» **ASSIGNMENT**
Please take the records that follow and repeat exactly the lines starting with the line with "They cut out" and going on through the line with "לכבוד חנוכה מחיר".

» **DATA FOR REVIEW**
───

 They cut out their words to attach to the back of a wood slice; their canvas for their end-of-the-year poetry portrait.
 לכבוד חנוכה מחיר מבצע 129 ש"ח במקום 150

───

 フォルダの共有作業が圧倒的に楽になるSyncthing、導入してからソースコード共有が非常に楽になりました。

───

» **EXERCISE ANSWER**
 They cut out their words to attach to the back of a wood slice; their canvas for their end-of-the-year poetry portrait.
 לכבוד חנוכה מחיר מבצע 129 ש"ח במקום 150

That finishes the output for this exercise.